Posted by Bhavin Turakhia

One of the seemingly trivial yet daunting challenges to scaling a datastore is the prevalence of auto-increment IDs to represent unique records in a database. Since any scaling involves horizontal partitioning of data, thus distributing inserts, how does one ensure uniqueness with respect to generation of IDs on these independent machines. One replacement method is using GUIDs (or UUIDs) which is nothing more than a randomly generated 128 bit number (there are various methods of generating one).
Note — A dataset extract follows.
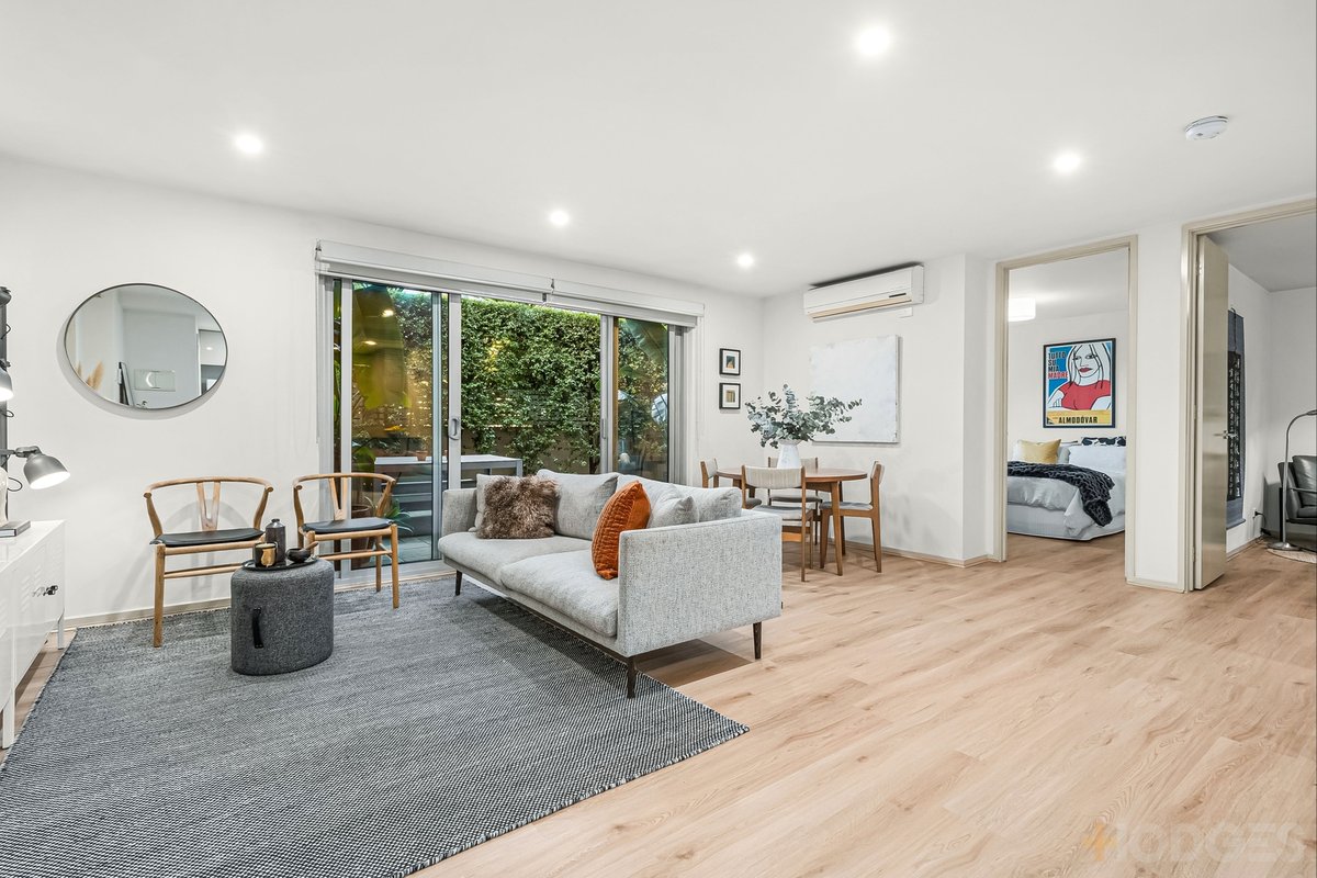Featuring a spacious private courtyard surrounded by lush greenery, this contemporary two-bedroom residence offers you an oasis on the doorstep of Caulfield Park. Perfect for downsizers or first-home buyers, the apartment boasts an open-plan living area bathed in natural light that connects to the courtyard through expansive glass sliding doors for indoor-outdoor relaxation and entertainment. Inside you'll find a modern kitchen, stylish bathroom, and generous bedrooms with ample built-in wardrobes. Convenience is key with the apartment offering a private courtyard entrance, European laundry, two split systems, undercover parking and a roomy storage area. Local shops, cafes and public transport are all a short stroll away. Your opportunity for boutique living at a remarkable parkside location has arrived.

The uniqueness guarantee comes from the extremely low probability of two randomly generated 128 bit numbers ever colliding. Just to give you a sense of the size of the space - If a computer was to generate a new GUID every milli second, it would take 10790283070806014188970529154.99 years to generate all GUIDs. That is roughly 83 million billion times the estimated age of the universe.

Is a GUID truly unique

Mathematically speaking no. Since the GUID space consists of 2^128 possibilities, one cannot generate 2^128+1 unique GUIDs. Since the time taken to generate all combinations is so high the probability of a potential collision however within an application space is quite low. However this probability increases as the space of generated GUIDs increase, due to the birthday paradox. As per the birthday paradox in a sample set of n values from a total space of s, the probability that there is atleast one collision is given by the formula – P =  (s! / s^n * (s-n)!).
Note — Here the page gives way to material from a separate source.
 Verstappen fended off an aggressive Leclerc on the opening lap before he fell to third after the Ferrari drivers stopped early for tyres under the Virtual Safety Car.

Applying this formula to a space of 2^128 values, the probability of atleast one collision becomes non-trivial when the number of values reach about 10^17 to 10^18 (about 0.001% to 0.14%).

Advantages of using GUIDs

* no centralization
* obfuscation of id
  • Globally unique without central generation. Allows easier partitioning of data without having to rely on a central auto-incrementer
  • GUIDs are obfuscated and cannot be guessed. Auto-increment IDs have a disadvantage in that one can guess subsequent IDs given a starting point. This allows attacks such as data-scraping and potentially even DOS attacks by simply querying a service for incrementing IDs from a starting point
  • Can be generated by the middle tier as opposed to the data layer

Disadvantages of using GUIDs

  • Take additional processing power to generate
  • Do not index as easily as smaller int values, thus increasing time taken for standard CRUD operations
  • Take up additional space (4 times as much – 16 bytes versus 4)
  • Can result in data and index fragmentation if a proper indexing mechanism is not chosen
  • Can be un-intutive

References


Comments
Ramki Gaddipati
December 31, 2009

The generation of UUIDs is not truly random. Most implementations are based on certain values in the problem/solution domain which are assumed/expected to be unique, to avoid even those small chances of collisions, like MAC, URIs, UserIds so on.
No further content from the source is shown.